What is meant by cumulative frequency?

Answer 34

ADD up the frequencies as you go. Suppose you are selling 25 pieces of candy. You sell 10 the first hour, 5 the second, 3 the third and 7 in the last hour, the cumulative frequency would be 10, 15, 18, 25

Question 35

What is relative frequency?

Answer 35

It is the ADDED up PERCENTAGES.. An example is selling candy, 25 pieces sold overall…, with 10 the first hour, 5 the second, 3 the third, and 7 the fourth hour, we’d take the cumulative frequencies, 10, 15, 18 and 25 and divide by the total giving cumulative percentages… .40, .60, .64, and 1.00. Relative cumulative frequencies always end at 100 percent

Question 36

What is the difference between a bar chart and a histogram?

Answer 36

Bar charts are for categorical data (bars don’t touch) and histograms are for quantitative data (bars touch)

Question 37

What is the mean?

Answer 37

The old average we used to calculate. It is the balancing point of the histogram

Question 38

What is the difference between a population mean and a sample mean?

Answer 38

Population mean is the mean of a population, it is a parameter, sample mean is a mean of a sample, so it is a statistic. We use sample statistics to make inferences about population parameters.

Question 39

What symbol do we use for population mean?

Answer 39

µ (Mu)

Question 40

What symbol do we use for sample mean?

Answer 40

x̄ (x-bar (lowercase x, not capital))

Question 41

How can you think about the mean and median to remember the difference when looking at a histogram?

Answer 41

Mean is balancing point of histogram, median splits the area of the histogram in half.

Question 42

What is the median?

Answer 42

The middlest number, it splits area in half (always in the POSITION (n+1)/2 )

Question 43

What is mode?

Answer 43

The most common data value or category, the peak of a histogram

Question 44

Why don’t we always use the mean, we’ve been calculating it all of our life?

Answer 44

It is not RESILIENT, it is impacted by skewness and outliers.

Question 45

When we say “the average teenager” are we talking about mean, median or mode?

Answer 45

It depends, if we are talking height, it might be the mean, if we are talking about parental income, we’d probably use the median, if we were talking about music preference, we’d probably use the mode to talk about the average teenager.

Question 46

What is a clear example of where the mean would change but median wouldn’t? (this would show its resilience)

Answer 46

Imagine if we asked eight people how much money they had in their wallet.
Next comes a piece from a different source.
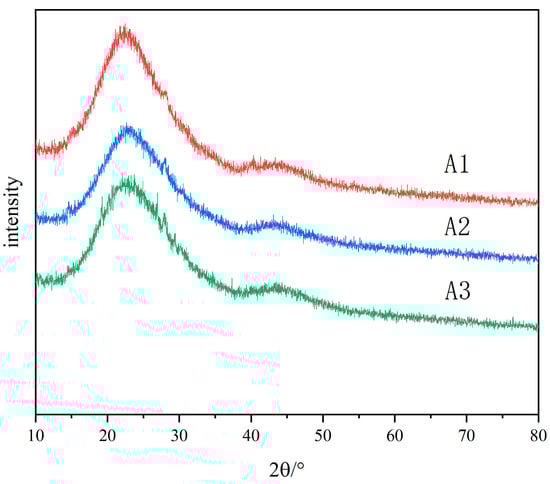 The original glass is colorless and transparent. After heat treatment, A1 and A2 samples show white opacities, and A3 samples show slight blue opacities and remain transparent. The samples after heat treatment were analyzed by X-ray diffraction. Figure 2 shows the X-ray diffraction patterns of A1, A2 and A3 samples after heat treatment at 600 °C for 5 h. It shows that the increase in R value strengthens the connectivity of the glass network, slows down the phase-separation trend of the glass, and increases the stability of the glass. The two main peaks observed in the XRD pattern are located at 2θ = 22° and 2θ = 45°, corresponding to B2O3 and SiO2, respectively, which are the common characteristics of glass containing mixed-network-forming bodies. There is no crystal precipitation in the samples of each component after heat treatment, and the opaque glass is caused by phase separation.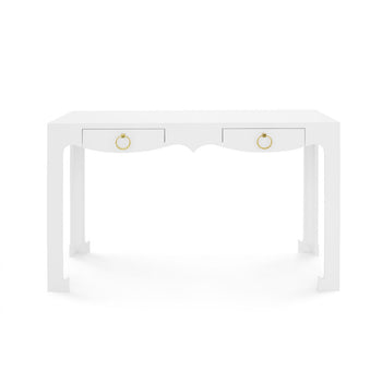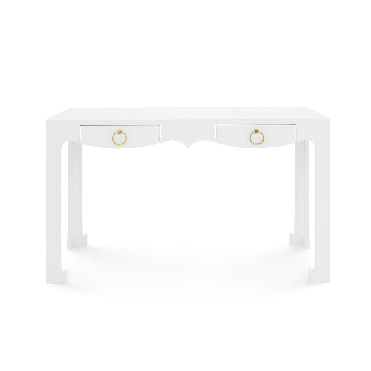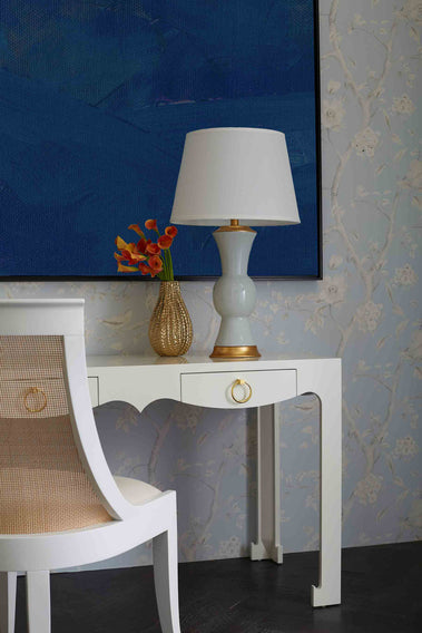 With its sleek lacquered finish and golden accents, the Jordan instantly upgrades a space in the glamorous style of Hollywood Regency decor. There's a romantic touch of the old world in its Chow feet and decorative wood-cut detailing, which gives its pair of drawers elegant, slightly curved edges. The versatile piece can be employed as a compact desk or console table, or even dressed up as a bedroom vanity topped with a mounted mirror. Pull up a seat with panache or use it as a fancy display for vases, lamps, or objets d'art. 47.5W x 22.5D x 29H

We found they had {1, 2, 2, 5, 5, 8, 8, 9}. The mean of this set is 5, and the median is also 5. You might say “the average person in this group had 5 bucks.” But imagine if one of them just got back from the casino, and instead it was (1, 2, 2, 5, 5, 8, 8, 9000}, in this case, the median would still be 5, but the mean goes up to over 1000. Which number better describes the amount of money the average person in the group carries, 5 bucks or 1000 bucks? I think 5 is a better description of the average person in this group and the 9000 is simply an outlier.

Question 47

How are mean, median and mode positioned in a skewed left histogram?

Answer 47

Goes in that order from left to right → Mean-median-mode

Question 48

How are mean, median and mode positioned in a skewed right histogram?

Answer 48

Goes in the opposite order… Mode-median-mean

Question 49

What chases the tail in histogram?

Answer 49

The mean chases the tail